わたしが顔を上げると、その男は人のよさそうな顔を不安げに曇らせていた。パリで出会っていようが、たとえその男が日本語をしゃべっていなくても、ひと目見て日本人だと分かる男だった。
両手に紙袋を抱えている。どうやら買い物の帰りらしく、そこから野菜や果物、ラップやキッチンペーパーが覗いていた。
歳は二十代前半だろうか。一見、十代くらいに見えるが、日本人が若く見えることを、わたしはよく知っていた。
おかげで、わたしはいつも年上にみられていた。
恐らく彼よりは厳しい人生を送ってきたわたしは、警戒心から、彼を一瞥しただけで目を逸らした。
それでも、少しは気になった。
初対面でわたしが日本人だと思われたことはなかった。
どうして、日本語で話しかけてきたのだろう。
単に彼が日本語しか話せないのかもしれない。だが、彼は旅行者の風でもなかったし、見るからに日本人でも、パリの町に溶け込んでいるように見えた。要は、パリに住んでいると見て取れた。フランス語を少しもしゃべれないとは思えない。

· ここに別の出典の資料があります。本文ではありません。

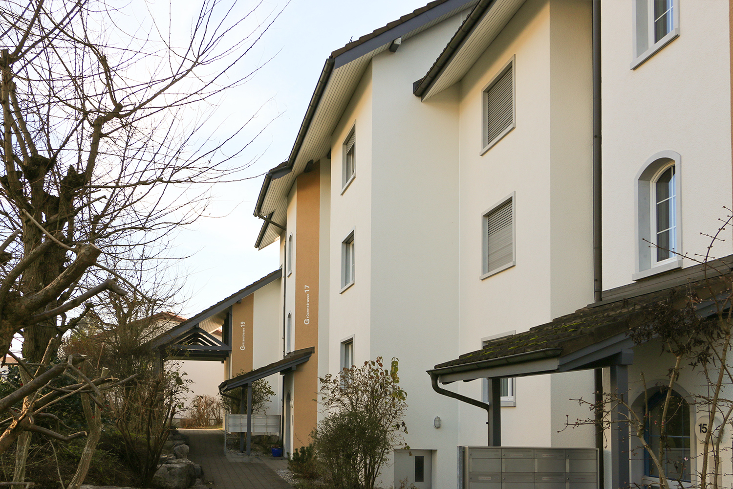 Nach Abbruch von 10 Einfamilienhäusern entstanden in den Jahren 1987/1988 zwei zusammengebaute, dreigeschossige Häuser mit zwölf Dreieinhalb-, fünfzehn Zweieinhalb-, zwei Zwei- und vier Eineinhalbzimmner-Wohnungen mit einer Unterniveaugarage mit 40 Einstellplätzen.

それにしても、一人分にしては大荷物の買い物だ。家族が一緒なのだろうか。
そんな少しの興味が、わたしをベンチから立たせなかった。いつもなら、面倒を避けるために、無言で立ち去るだろう。それでもしつこかったら、少々手荒なことをするかもしれない。
でも、わたしはその時、なぜかうつむいたままだった。言葉が分からない振りはしていたが、そこに留まることを選択してしまった。